Efficient Scaling of LLMs with EKS Auto Mode and GPU Metrics

Written by Maxime Roth Fessler, DevOps & Backend Developer at TrackIt

Deploying large language models (LLMs) on Kubernetes provides clear advantages in terms of portability, scalability, and seamless integration with cloud-native services. However, managing the efficient scaling of these models—particularly when relying on GPU resources—introduces specific operational challenges. Unlike CPU-based workloads, GPU-intensive applications demand careful resource allocation and real-time monitoring to maintain performance and cost efficiency.

The following guide demonstrates how to dynamically scale LLMs such as DeepSeek on Amazon EKS (Elastic Kubernetes Service) using Auto Mode. By leveraging GPU utilization metrics and configuring Horizontal Pod Autoscaling (HPA), the approach enables responsive, automated scaling of inference workloads based on actual demand.

What are LLMs?

LLMs are advanced AI models trained on massive volumes of text data to understand and generate human language. Built using deep learning techniques, these models are capable of performing a wide range of language-related tasks—answering questions, summarizing documents, translating text, and even generating creative writing. 

Their ability to grasp complex linguistic patterns has made them essential to modern natural language processing, helping improve everything from chatbots and virtual assistants to content automation and knowledge extraction.

Why use Amazon EKS to deploy LLMs?

Amazon EKS provides numerous benefits for deploying GPU-intensive LLMs. It offers elastic scalability to handle varying workloads, along with cost optimization through dynamic resource management. The platform’s monitoring and alerting features enhance operational efficiency by enabling quicker issue detection and resolution. EKS also integrates seamlessly with infrastructure-as-code tools like Terraform, facilitating automated and consistent deployments.

For teams already familiar with Kubernetes, deploying LLMs on EKS allows them to leverage their existing expertise in container orchestration, ensuring a smoother and more efficient deployment process.

Why use EKS Auto Mode?

EKS Auto Mode significantly simplifies the management of GPU resources in a Kubernetes cluster. With Auto Mode, simply specifying that a pod requires a GPU ensures that EKS automatically schedules the pod on a node equipped with the necessary GPU hardware. This eliminates the need for manual node configuration and driver installation, as EKS handles the provisioning of GPU-enabled nodes and the installation of NVIDIA drivers.

As a result, only the Horizontal Pod Autoscaler (HPA) needs to be configured for scaling pods, since node scaling is seamlessly managed by EKS Auto Mode.

Benefits of Stateless LLM APIs for Scaling

Stateless Large Language Models (LLMs) are deployed as APIs that do not retain any information between requests—each interaction is processed independently. This stateless architecture provides several advantages for scaling and reliability.

It enables seamless integration with load management tools like AWS’s Application Load Balancer (ALB), as requests can be distributed evenly across all available instances without requiring session affinity. The lack of internal state also simplifies infrastructure, reduces coordination overhead, and enhances system resilience.

When orchestrated using Amazon EKS, stateless LLM APIs benefit from automated scaling based on traffic.
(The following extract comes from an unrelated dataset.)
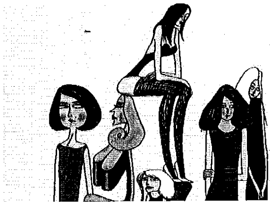
Filosofia per dame: particolare del libro di Ferraris

Il matrimonio, il lavoro, il licenziamento. E ancora le vacanze, la suocera, la sfiga. Di dizionari, in giro, ve ne sono di ogni. Ma questa Filosofia per dame che Guanda ha pubblicato di recente stupisce e diverte per più di una ragione.

Kubernetes can dynamically adjust resources in response to demand, ensuring efficient handling of usage spikes without requiring complex configuration or manual intervention.

Deploying the Amazon EKS Cluster

The Terraform configuration used in this tutorial is available at: https://github.com/trackit/eks-auto-mode-gpu.

This guide walks through the process of deploying an Amazon EKS cluster using Terraform. Once the cluster is up and running, it covers the deployment of a Large Language Model—DeepSeek in this case—followed by the configuration of the Horizontal Pod Autoscaler (HPA) to automatically adjust compute resources based on GPU utilization metrics.

Prerequisites for this tutorial:

• Helm: A package manager for Kubernetes that simplifies deploying and managing applications on the EKS cluster. Installation instructions are available in the official Helm documentation.
  
• Terraform: An infrastructure-as-code tool used to define and provision the EKS cluster. Installation guidelines can be found on the Terraform website.
  
• AWS CLI: The command-line interface for interacting with AWS services, including EKS. Ensure it is installed and configured with the necessary permissions. Refer to the AWS CLI installation page for details.
  
• kubectl: The command-line tool for managing Kubernetes clusters. Installation instructions are provided in the official Kubernetes documentation.

Cluster Deployment Process

Once the required tools are confirmed to be installed, the next step is to create a terraform.tfvars file. The sample.tfvars file serves as a reference to guide this process. When setting values in the Terraform tfvars file, ensure that the relevant flags are set to false; their purpose will be explained later in the tutorial.

To generate an execution plan and save it as plan.out, run the following command:

`terraform plan -out=plan.out`

This command analyzes the Terraform configuration and creates a plan detailing the actions needed to reach the desired state.

After reviewing and approving the plan, apply it by running:

`terraform apply “plan.out”`

This will execute the planned actions, including creating the EKS cluster.

Finally, use the AWS CLI to update the kubectl configuration with the EKS cluster details. Replace the region and cluster name with the appropriate values:

`aws eks –region us-west-2 update-kubeconfig –name eks-automode-gpu`

Setting Up Autoscaling with GPU Metrics

The Horizontal Pod Autoscaler (HPA) in Kubernetes is natively designed to scale applications based on CPU and memory metrics. However, to leverage GPU metrics or other custom metrics, such as HTTP requests per second, additional configuration is required. This involves setting up a custom metrics server or using tools like Prometheus and the Prometheus Adapter for Kubernetes to collect and expose these metrics.

For this tutorial, the DCGM-Exporter container by NVIDIA will be used to expose GPU metrics for Prometheus. The Prometheus operator will scrape data from the DCGM-Exporter, and the Prometheus adapter will expose these metrics to the Kubernetes Metrics Server, enabling the HPA to scale applications based on GPU utilization.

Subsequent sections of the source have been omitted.